Reinforcing our suspicion that it's somewhere between 0-100%.

"Vitamin E also has been reported to be interrelated with the nutrition and metabolism of vitamin A, iron, and a large number of other nutrients, notably

ascorbic acid (McCay et al., 1959),
vitamin D2 (Selye et al., 1964), -- Further studies on anacalciphylaxis
vitamin B12 (Oski et al., 1966),
thiamin (D'Agostino, 1952), -- Influence of alpha-tocopherol on urinary elimination of thiamine (?)
manganese (Lee et al., 1962), -- Rôle of manganese and vitamin E deficiency in mouse paralysis
and magnesium (Selisko, 1961). -- Magnesium - A vitamin E synergist?"
​

I'm posting this last part out of curiosity, because I don't think it's relevant to my case.

 

[milk_lover]

What kind of dosage are you taking?

@Amazoniac have you read this thread? https://raypeatforum.com/community/threads/vitamin-e-causes-all-sorts-of-negative-problems-according-to-this-article.21347/

I can't verify the validity as my understanding of vitamin E isn't very robust but I found the thread interesting. Maybe taking it orally presents some kind of challenge in the liver (like it's "used up" in rebalancing k2 or vitamin A levels in the liver?), where as transdermally this step is missed and it wreaks havoc on vitamin C levels?

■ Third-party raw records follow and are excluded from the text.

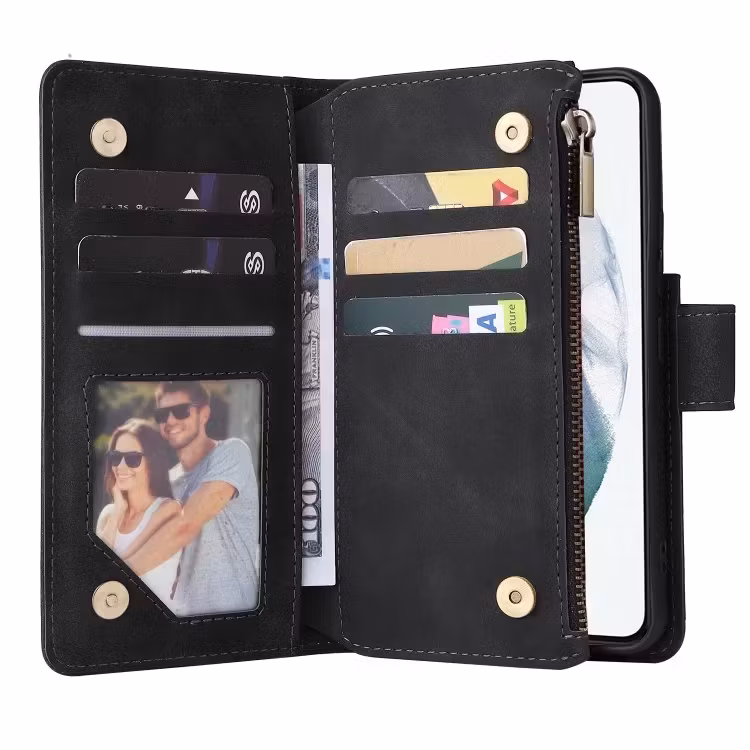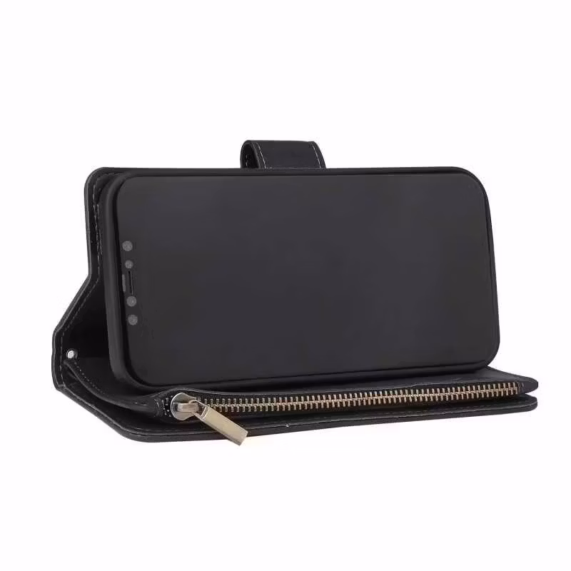 iPhone 12 - Multifunktionellt Plånboksfodral Zipper 8-Fack Svart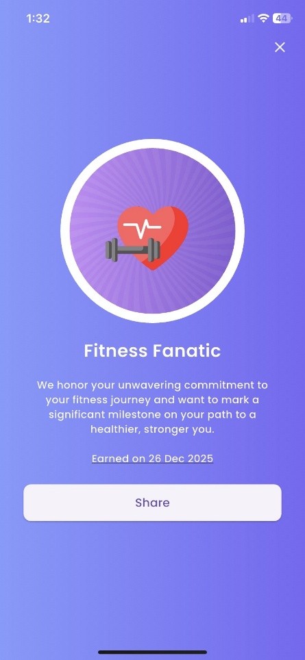 Complete a workout every day for 14 consecutive days at a similar time each day to earn the "Fitness Fanatic" reward, motivating you to stay committed and push your fitness consistency to the next level.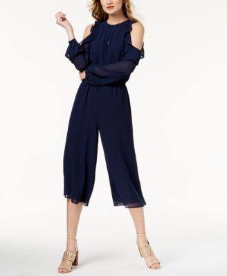 Flounce-Trim Cold-Shoulder Jumpsuit michael kors cold shoulder jumpsuit
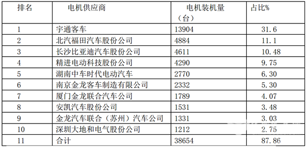 1、新能源客车方面,由于较早涉猎新能源领域,故大型客车生产企业均能够实现自主电机配套。

Do you still notice a distinct benefit from oral vit E and at what kind of intake level?

I don't like the smell of tocovit, that's why I don't apply it on the skin anymore. Also, my cells kinda get filled with water when I apply it topically for some reason. I take it orally usually but I learned not to take a big dose as that messes up my digestion. I take 2 to 3 drops orally in days I suspect I ingested a lot of PUFA. Although I don't feel the best (vitamin D and K2 are much better suited for my body), I am hoping it's helping me fight against our worst enemy, PUFA.

 

[Amazoniac]

my cells kinda get filled with water when I apply it topically for some reason

Letters to the Editor | Original Internist

"The Shutes were cardiovascular specialists and arguably the major proponents of vitamin E use in the late 1940s. They recommended 1500 units of [] vitamin E, per day, for the rest of his life. Interestingly, the product was sold as a liquid versus the capsules we are familiar with.

I called Dr. Paul Eck, my resident nutritional expert, ready to next call the news media and tout the incredible scientific evidence of vitamin E's efficacy in circulation health. Much to my surprise, Dr. Eck rained on my parade with the words, 'Yes, Bill, but ... through hair mineral analysis, we know that vitamin E raises sodium in the body, through action on the adrenal cortex and aldosterone secretion. Sodium displaces calcium, eg, in water softeners. Sodium also renders calcium more soluble in times of stress and increased adrenal cortical activity.'"

I don't like the smell of tocovit

Is it the refined or the previous version?